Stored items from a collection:
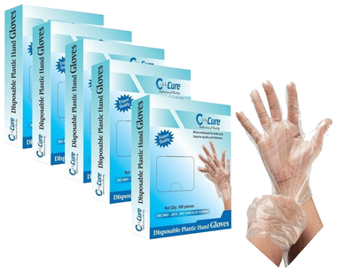 C Cure Disposable Plastic Hand Gloves (100 Each)
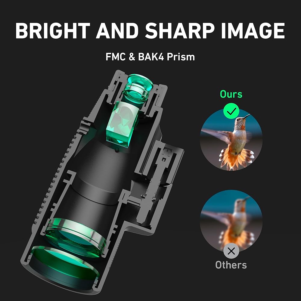 【Excellent BAK-4 Prism and FMC Lens】 The HD monocular telescope uses 17mm BAK-4 optics prism and FMC (Fully Multi-Coating) lens, which could increase the monocular's light transmittance and unnecessary light reflection, delivering clear and sharp pictures. Provide you with true colors of colorful and vivid view.
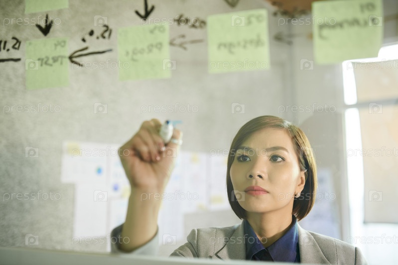 Деловая женщина, которая пишет идеи
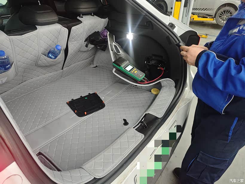 接着,车辆被举升机缓缓抬起,底盘全貌清晰地展现在眼前。技师拿着手电筒,逐一检查底盘护板、悬挂球头和减震器,还耐心清理了轮胎花纹里的小石子,用专业工具测量了胎压和花纹深度,告诉我轮胎状态还不错,让我放心。另一边,另一位技师正在处理玻璃异响,他用内饰板拆卸工具拆开右后门板,发现是导轨干涩导致的,涂抹了专用润滑脂后,反复测试了几次,异响果然消失了。
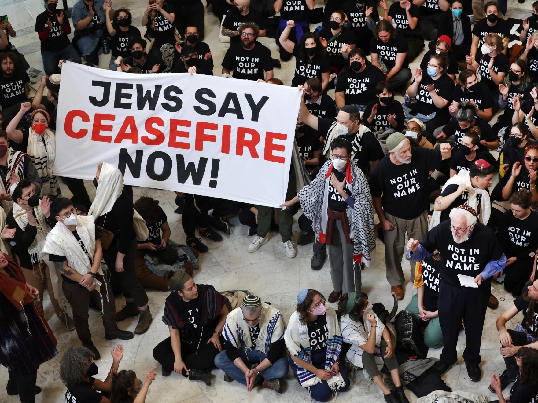Why? Because on October 18, over 500 Jews and allies sat on the floor of a Congressional house office building, in prayer and song, to demand an immediate ceasefire to save Palestinian and Israeli lives and to stop the Israeli military’s genocide of Palestinians in Gaza.
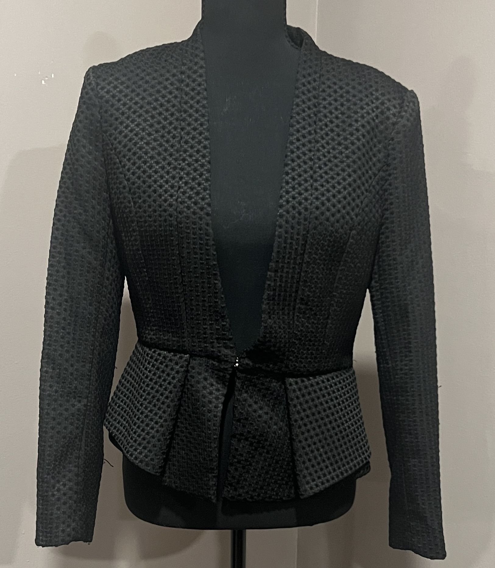 Chic black blazer with textured design. Perfect for formal or casual wear. Adds sophistication to any outfit. Size 8 $20 obo
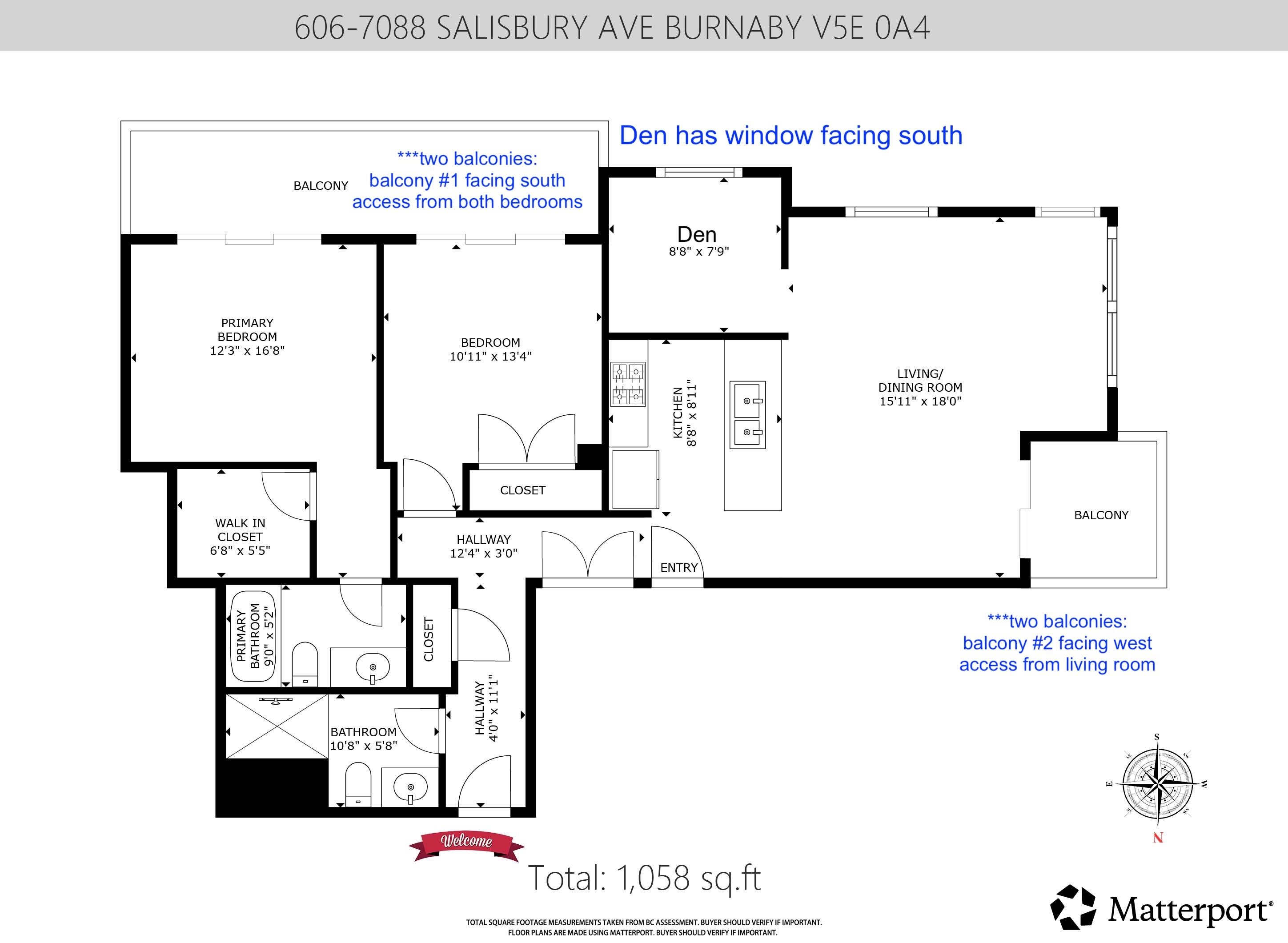 Welcome to WEST by BOSA in prime Highgate Village, Burnaby South. This spacious 1,000+ sqft southwest-facing corner home offers 2 generous bedrooms, 2 full bathrooms, and a bright den with a south-facing window — ideal as a home office or potential 3rd bedroom. Located on the 6th floor, the functional open-concept kitchen flows seamlessly into the living and dining areas, perfect for everyday living and entertaining. Features Granite Countertops in Kitchen and Bathrooms. Two well-sized balconies provide gre...

What this task involves: Only the lines from the start of the records above through the line containing "Why? Because on" should be returned, exactly and with both ends, please; the pictures stay out.

Answer section:
 C Cure Disposable Plastic Hand Gloves (100 Each)
 【Excellent BAK-4 Prism and FMC Lens】 The HD monocular telescope uses 17mm BAK-4 optics prism and FMC (Fully Multi-Coating) lens, which could increase the monocular's light transmittance and unnecessary light reflection, delivering clear and sharp pictures. Provide you with true colors of colorful and vivid view.
 Деловая женщина, которая пишет идеи
 接着,车辆被举升机缓缓抬起,底盘全貌清晰地展现在眼前。技师拿着手电筒,逐一检查底盘护板、悬挂球头和减震器,还耐心清理了轮胎花纹里的小石子,用专业工具测量了胎压和花纹深度,告诉我轮胎状态还不错,让我放心。另一边,另一位技师正在处理玻璃异响,他用内饰板拆卸工具拆开右后门板,发现是导轨干涩导致的,涂抹了专用润滑脂后,反复测试了几次,异响果然消失了。
Why? Because on October 18, over 500 Jews and allies sat on the floor of a Congressional house office building, in prayer and song, to demand an immediate ceasefire to save Palestinian and Israeli lives and to stop the Israeli military’s genocide of Palestinians in Gaza.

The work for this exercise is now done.